Records from a collection:
++++++++++++++++++++

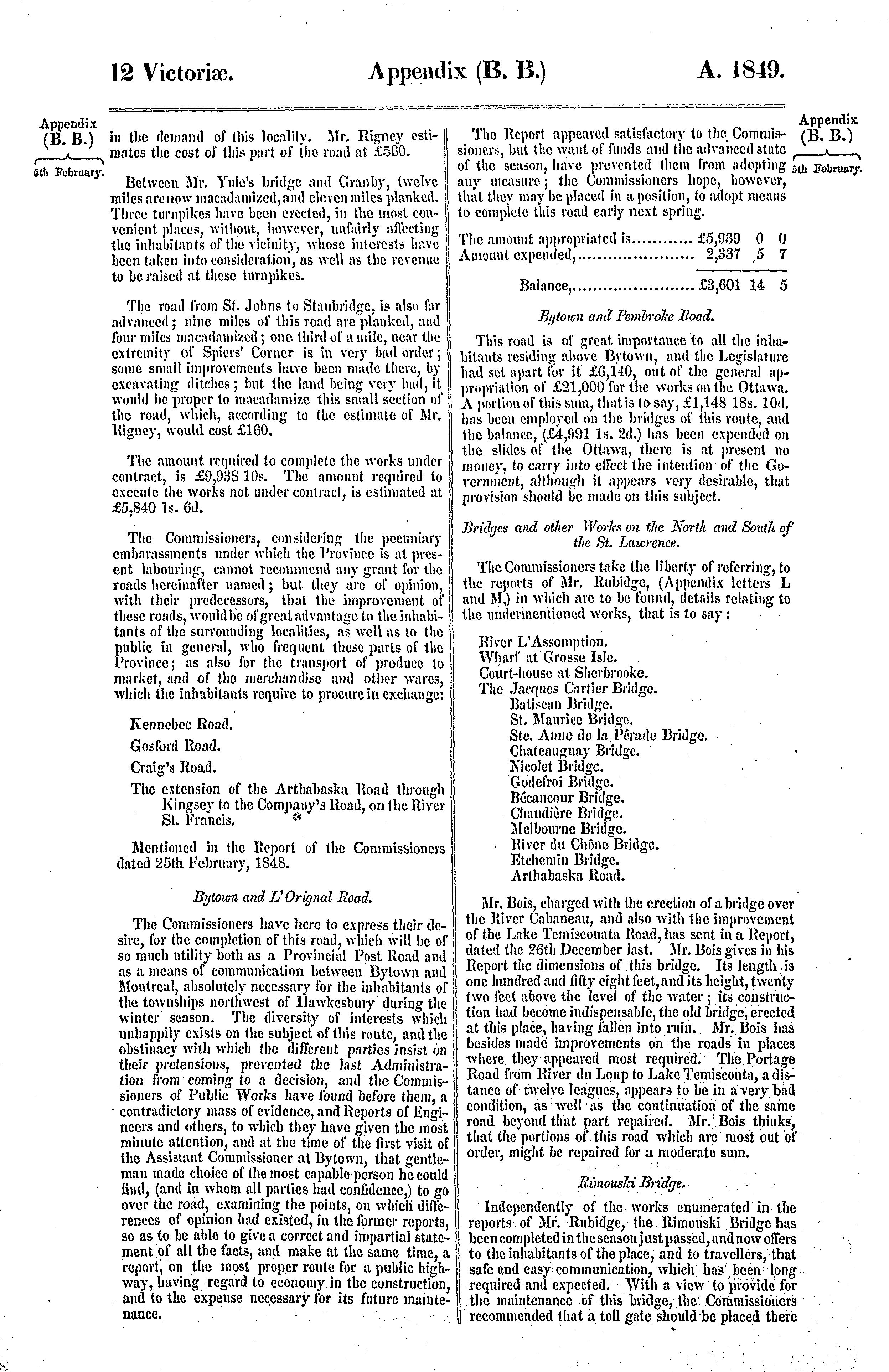Appendix to the eighth volume of the journals of the Legislative Assembly of the Province of Canada, from the 18th day of January to the 30th day of May, both days inclusive, and in the twelfth year of the reign of Our Sovereign Lady Queen Victoria, being the second session of the third provincial Parliament of Canada, session 1849 : 1849 (no. 2)
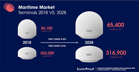“The VSAT market is anticipated to grow quickly; the number of terminals should increase to more than 65,000 in 2028,” said Xavier Lansel, senior consultant at Euroconsult. “As a consequence, VSAT solutions will generate more than 90% of the maritime satellite communications revenue in 2028. VSAT revenue is anticipated to increase to $2.7 billion by the end of the decade.”
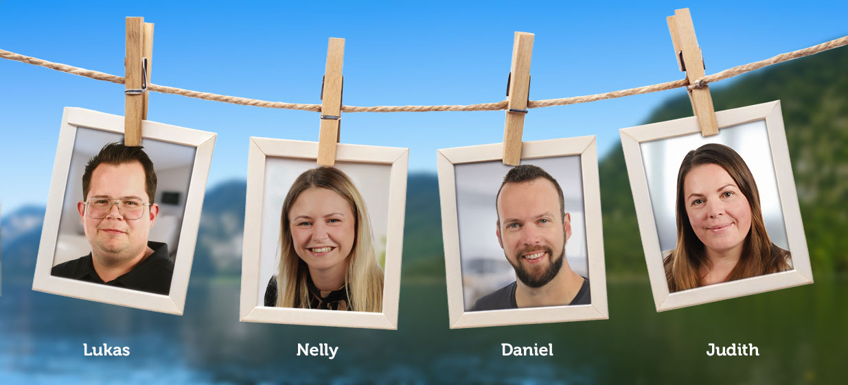 Mit unseren vier neuen Teammitgliedern setzen wir unseren Wachstumskurs fort. Wir freuen uns über die frische Energie, das vielfältige Know-how und das Engagement, mit dem Nelly, Lukas, Judith und Daniel unser Unternehmen bereichern.
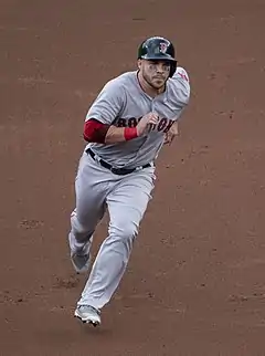 In 1901, the minor Western League, led by Ban Johnson, declared itself to be equal to the National League, then the only major league in baseball.[23] Johnson had changed the name of the league to the American League prior to the 1900 season.[24] In 1901, the league created a franchise in Boston, called the "Boston Americans", to compete with the National League team there.[25][26]
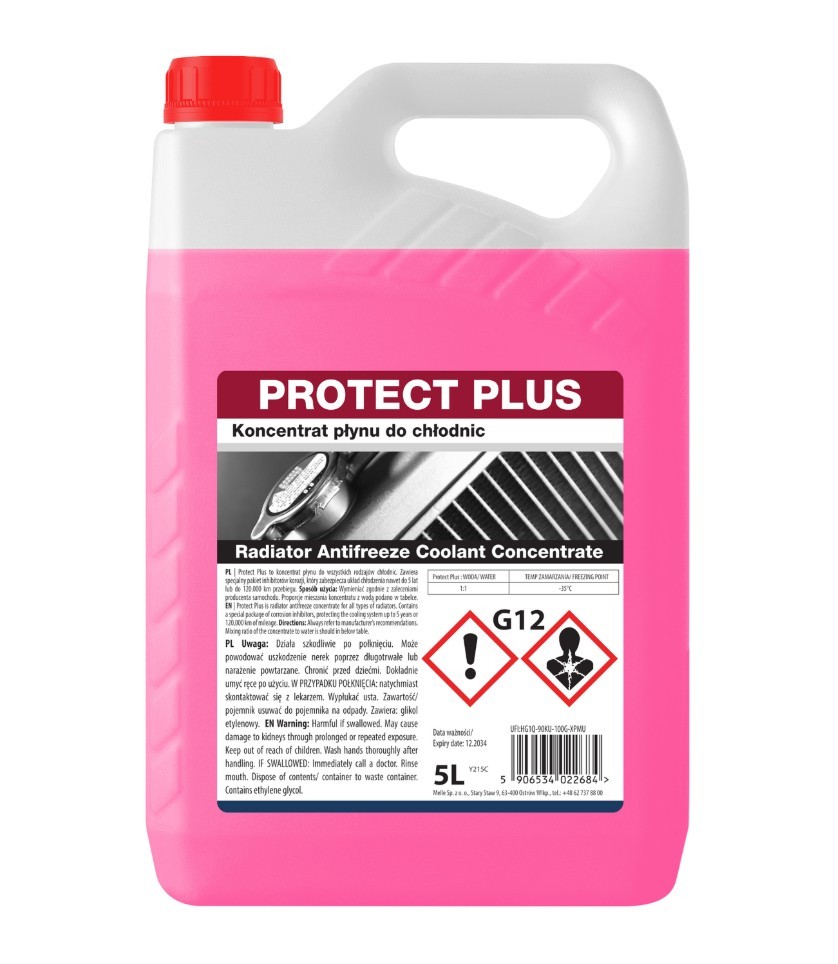 Protect Plus to wysokiej jakości koncentrat płynu chłodniczego przeznaczony do wszystkich rodzajów chłodnic. Zawiera specjalny pakiet inhibitorów korozji, który skutecznie chroni układ chłodzenia nawet do 5 lat lub 120 000 km przebiegu. Produkt zabezpiecza przed przegrzewaniem, korozją oraz powstawaniem osadów, wydłużając żywotność całego układu.
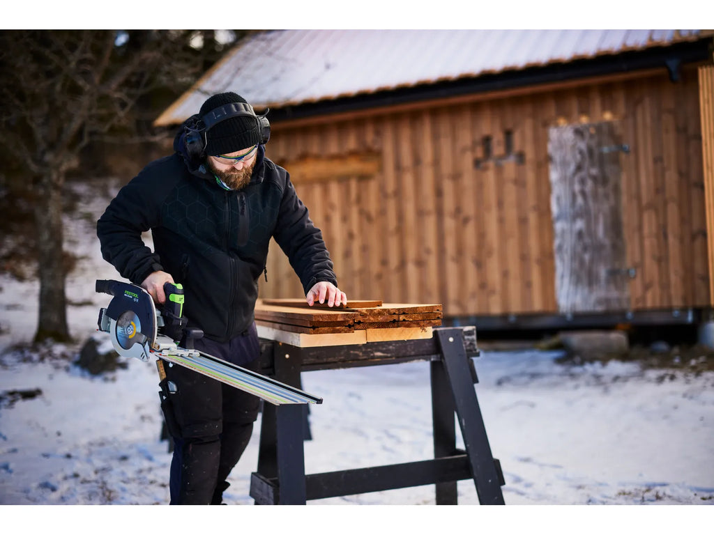 The Festool Cordless circular saw HKC 55 KEB-Basic offers power and flexibility for all your needs. With its brushless EC-TEC motor running at 5,200 rpm, it delivers speedy cross-cuts with the FSK cross-cutting guide rail, precise cuts with the guide rail FS, and accurate angled cuts. Key features include a clever KickbackStop, pendulum hood remote control, guide wedge, spring-assisted plunge-cut function, and specially designed thin-cut saw blades. It offers ultimate run time and top performance with the 18 V power, compatible with the 8.0 Ah Li-HighPower battery pack.

++++++++++++++++++++

• _About this task_:
Write out the records above in full and exactly, with no pictures.

• _Task result_:
Appendix to the eighth volume of the journals of the Legislative Assembly of the Province of Canada, from the 18th day of January to the 30th day of May, both days inclusive, and in the twelfth year of the reign of Our Sovereign Lady Queen Victoria, being the second session of the third provincial Parliament of Canada, session 1849 : 1849 (no. 2)
“The VSAT market is anticipated to grow quickly; the number of terminals should increase to more than 65,000 in 2028,” said Xavier Lansel, senior consultant at Euroconsult. “As a consequence, VSAT solutions will generate more than 90% of the maritime satellite communications revenue in 2028. VSAT revenue is anticipated to increase to $2.7 billion by the end of the decade.”
 Mit unseren vier neuen Teammitgliedern setzen wir unseren Wachstumskurs fort. Wir freuen uns über die frische Energie, das vielfältige Know-how und das Engagement, mit dem Nelly, Lukas, Judith und Daniel unser Unternehmen bereichern.
 In 1901, the minor Western League, led by Ban Johnson, declared itself to be equal to the National League, then the only major league in baseball.[23] Johnson had changed the name of the league to the American League prior to the 1900 season.[24] In 1901, the league created a franchise in Boston, called the "Boston Americans", to compete with the National League team there.[25][26]
 Protect Plus to wysokiej jakości koncentrat płynu chłodniczego przeznaczony do wszystkich rodzajów chłodnic. Zawiera specjalny pakiet inhibitorów korozji, który skutecznie chroni układ chłodzenia nawet do 5 lat lub 120 000 km przebiegu. Produkt zabezpiecza przed przegrzewaniem, korozją oraz powstawaniem osadów, wydłużając żywotność całego układu.
 The Festool Cordless circular saw HKC 55 KEB-Basic offers power and flexibility for all your needs. With its brushless EC-TEC motor running at 5,200 rpm, it delivers speedy cross-cuts with the FSK cross-cutting guide rail, precise cuts with the guide rail FS, and accurate angled cuts. Key features include a clever KickbackStop, pendulum hood remote control, guide wedge, spring-assisted plunge-cut function, and specially designed thin-cut saw blades. It offers ultimate run time and top performance with the 18 V power, compatible with the 8.0 Ah Li-HighPower battery pack.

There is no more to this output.